Maren and Luna left shortly after that. They decided the bachelorette prep had been productive enough for one evening, and Luna added, with the strained cheerfulness of someone who has recently survived a home invasion, that they'd had "enough adventure for one night."
So now it's just me and the alphas. Arthur is walking in from the hallway with the chicken cradled against his chest, one broad palm smoothing down its feathers, murmuring to it like it's a newborn.
"Oh, Clementine," he says softly. "Why were you hiding?"
She'd hidden, apparently.Afterwe barricaded ourselves in the bathroom, wedging herself under the couch.
"Clementine," I repeat.
"She's our mascot," Mason says, leaning against the kitchen island. "For the rugby team."
"She belongs to Old Bill," Knox adds, reaching for his glass of water. "He's got a farm past the ice rink. Everyone knows Bill."
"Old Bill... And you guys have a rugby team," I say.
"Yeah, we play a match once a quarter for the Lake's Edge Cup," Knox says from the couch, stretching his legs out. "We basically just split the local guys into two squads and beat the hell out of each other for bragging rights. And Clementine here comes to celebrate with us at every victory. We all love her."
"How did she end up here though?" I ask.
Arthur is still petting Clementine with the focus of someone performing surgery. "Bill couldn't make the match today, so I offered to pick her up this afternoon. I set up everything in my room, her food dispenser, her water, the blanket she likes. She was sleeping so deeply I didn't want to wake her, so I let her rest while I got ready, and then I was late for the match, and I—" He trails off. Rubs the back of his neck. "Forgot her."
"You forgot you left a chicken in your bedroom," I say.
"I feel terrible," he says.
He looks it, too. The flush on his ears has spread to his cheeks, and he's holding Clementine like she's the only thing keeping him grounded.
"And Knox and I were out all day and didn't even know Old Bill couldn't make it today," Mason says, shaking his head.
"But in Arthur's defense, he built her a little corner," Knox says, grinning. "With a towel nest."
"She likes the towel nest," Arthur says quietly, and the sincerity of it does something to my chest that has nothing to do with leftover adrenaline.
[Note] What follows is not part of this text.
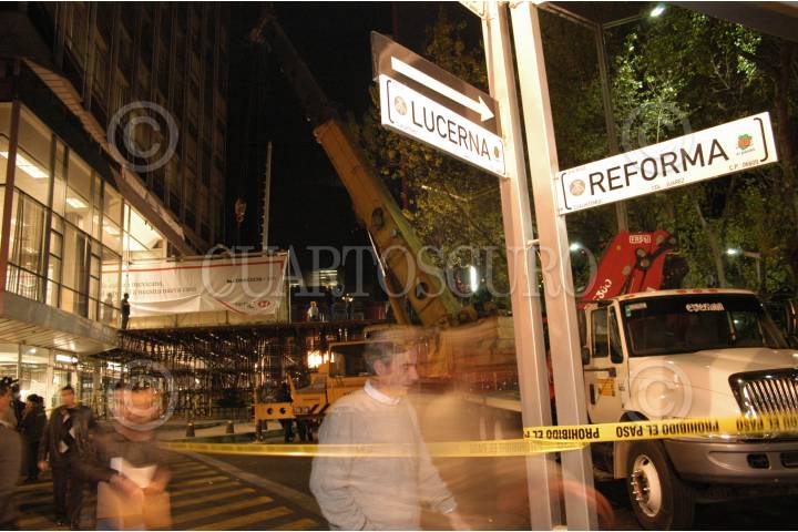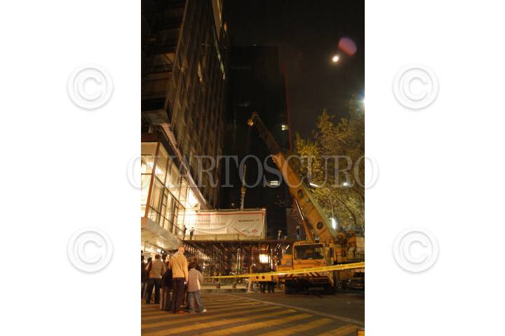 MÉXICO, D.F. 11DICIEMBRE2005.- Trabajadores revisan el mural de Juan O´Gorman después de que la grúa sufriera un percance durante la operación de traslado hacia la esquina de Tíber y Reforma. FOTO:Miriam Sánchez/CUARTOSCURO.COM

I look at Clementine, who is tucked against Arthur's collarbone with her eyes half-closed, looking about as threatening as a cotton ball. Which is infuriating, given the T. rex energy she was channeling forty-five minutes ago.
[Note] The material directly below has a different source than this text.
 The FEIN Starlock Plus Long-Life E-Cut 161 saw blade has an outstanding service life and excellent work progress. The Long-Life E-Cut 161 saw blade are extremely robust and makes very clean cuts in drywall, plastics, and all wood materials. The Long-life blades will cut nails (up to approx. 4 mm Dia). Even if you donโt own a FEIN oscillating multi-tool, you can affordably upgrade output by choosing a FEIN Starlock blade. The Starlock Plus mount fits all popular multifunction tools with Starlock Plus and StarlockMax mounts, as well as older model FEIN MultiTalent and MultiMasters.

"Does she usually come at people like a velociraptor?" I ask. "Because that was—"
"She doesn't attack," Arthur says, like I've insulted a family member. "She's very cuddly. She probably saw you and wanted to be petted."
"She wanted to bepetted," I deadpan.
"She does that," he says. "Runs up to people. It's how she says hello."
"That is objectively terrifying," I tell him.
"Only if you don't know her," Arthur says, with genuine pain in his voice.
Clementine ruffles her feathers and settles deeper into the crook of his arm. Docile. Content. Nothing like the tiny dinosaur that barreled toward me down the hallway.
"Can I—" I start, surprising myself. "Can I pet her?"
Arthur's face opens up. "Yeah. Of course. Just—slow, and along the feathers, not against."
I step closer. Clementine's beady eyes track me, and for a moment she turns her head away.
I blink. "Is she... ignoring me?"
"She's probably a little offended," Arthur says. "That you ran."